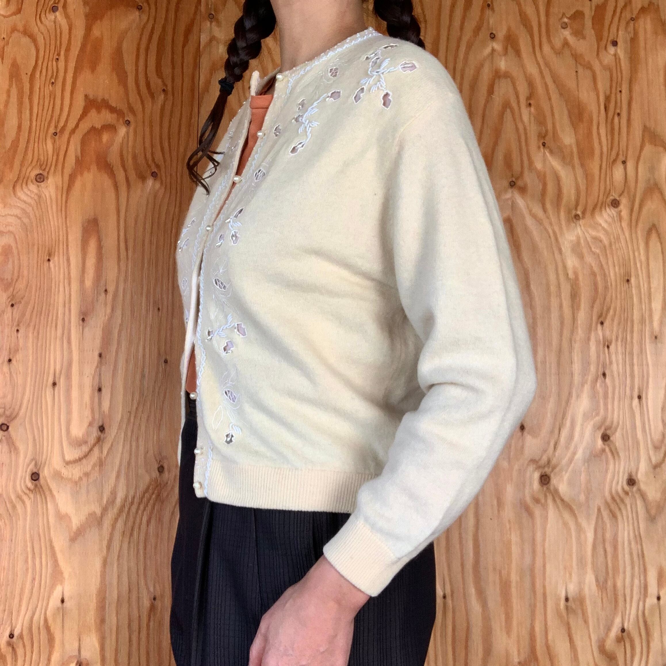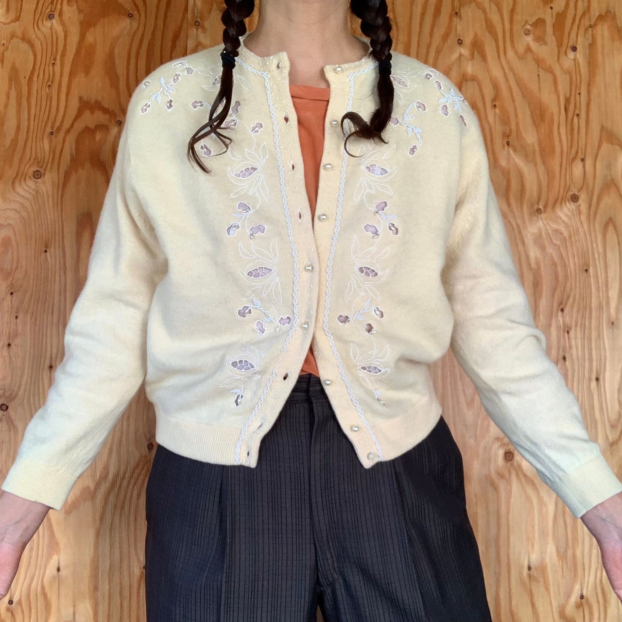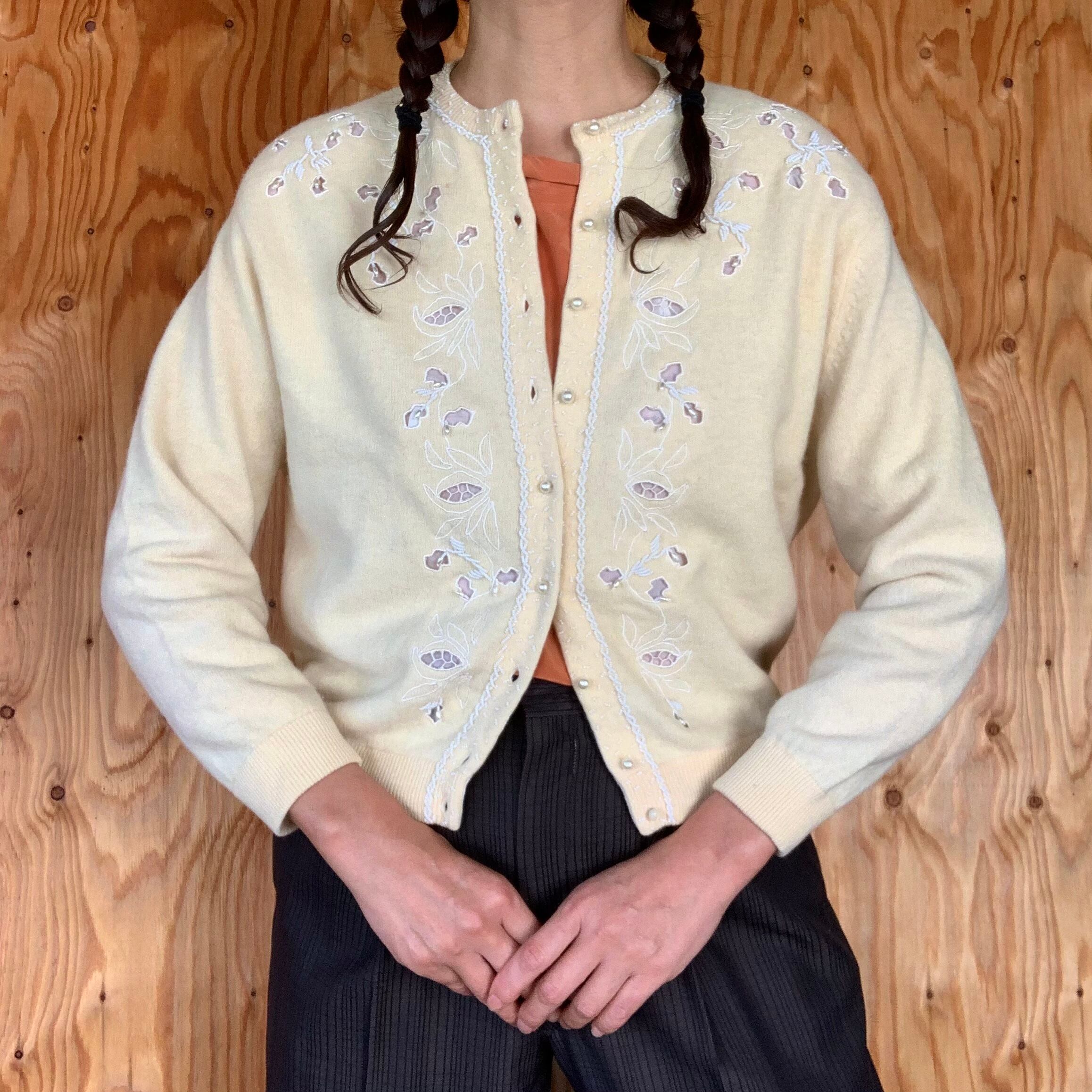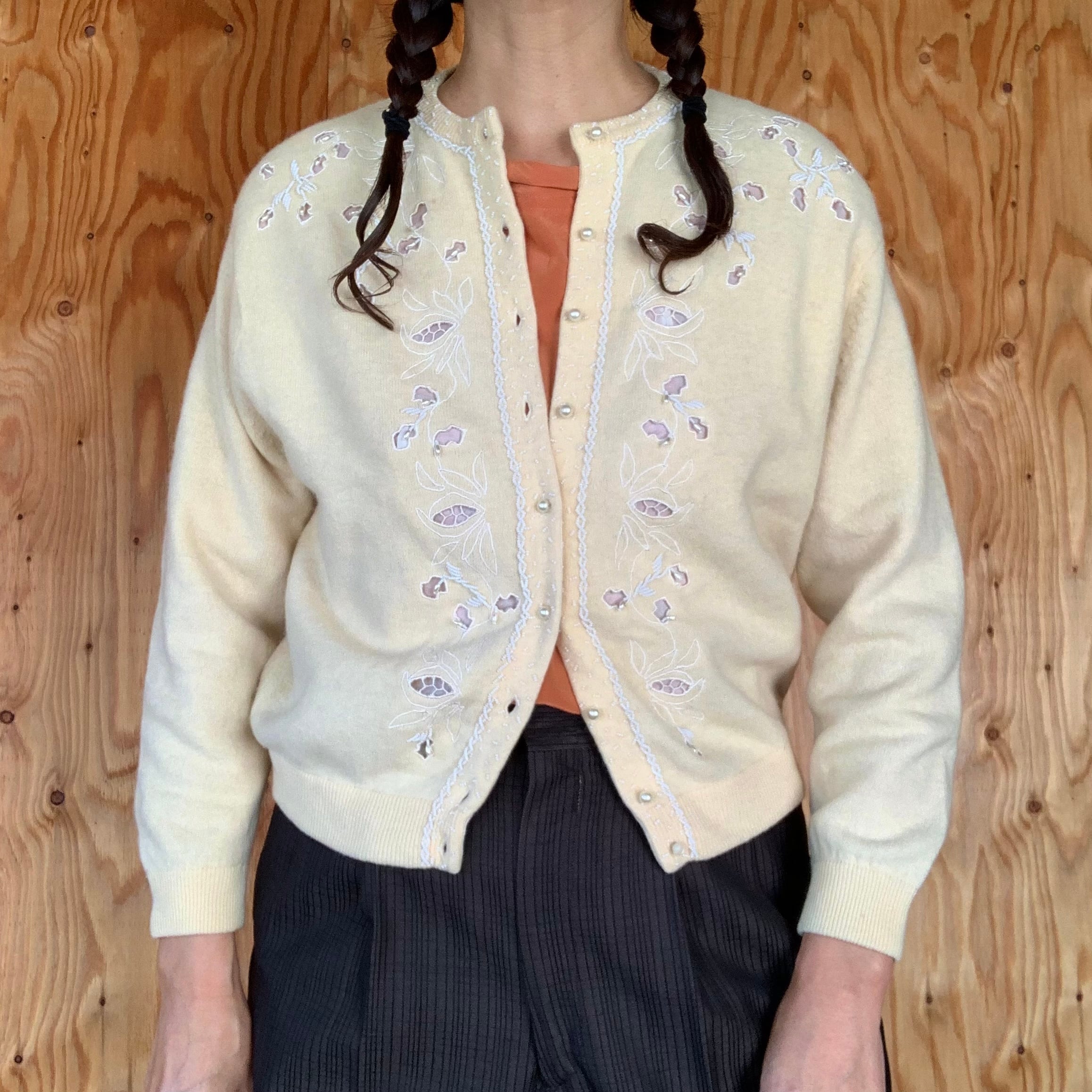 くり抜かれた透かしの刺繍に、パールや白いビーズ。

==

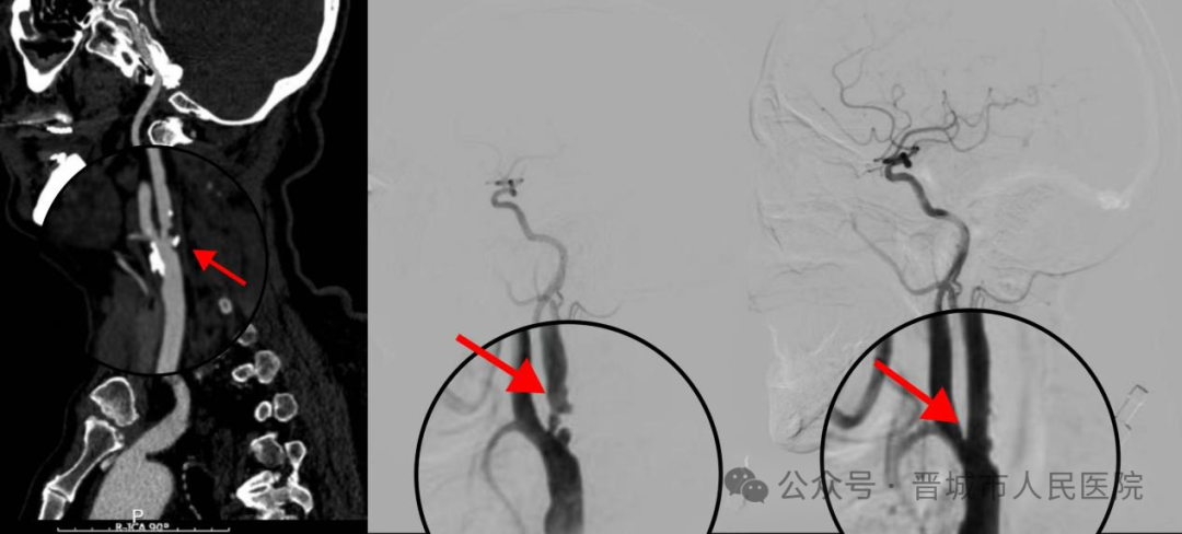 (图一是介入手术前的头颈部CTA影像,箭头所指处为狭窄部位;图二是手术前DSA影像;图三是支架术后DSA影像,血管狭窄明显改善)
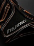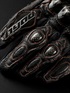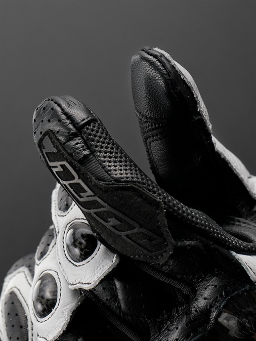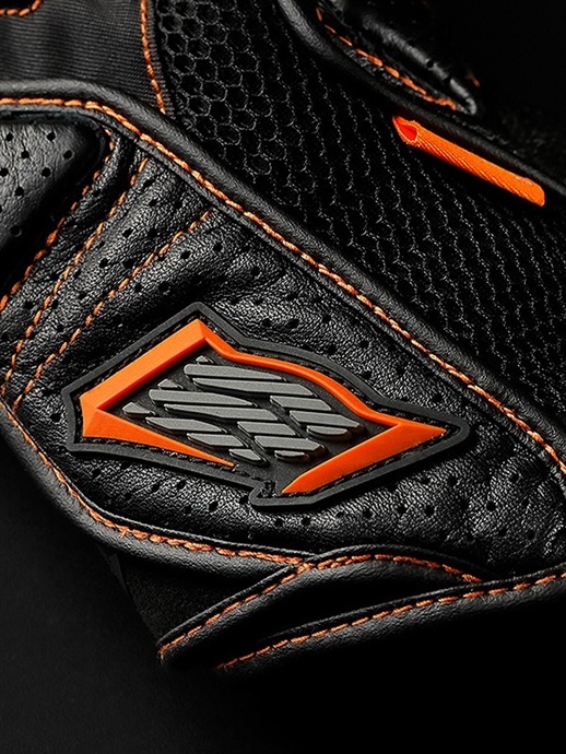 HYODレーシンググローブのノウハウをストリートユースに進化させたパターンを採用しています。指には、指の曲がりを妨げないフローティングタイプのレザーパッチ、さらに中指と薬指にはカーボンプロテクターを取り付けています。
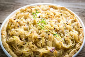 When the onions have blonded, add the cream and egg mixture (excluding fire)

## [What is needed]
Your answer must be the lines above from the one holding "(图一是介入手术前的头颈部C" up to and including the one holding "When the onions", exact and with no pictures.

## [Answer below]
 (图一是介入手术前的头颈部CTA影像,箭头所指处为狭窄部位;图二是手术前DSA影像;图三是支架术后DSA影像,血管狭窄明显改善)
 HYODレーシンググローブのノウハウをストリートユースに進化させたパターンを採用しています。指には、指の曲がりを妨げないフローティングタイプのレザーパッチ、さらに中指と薬指にはカーボンプロテクターを取り付けています。
 When the onions have blonded, add the cream and egg mixture (excluding fire)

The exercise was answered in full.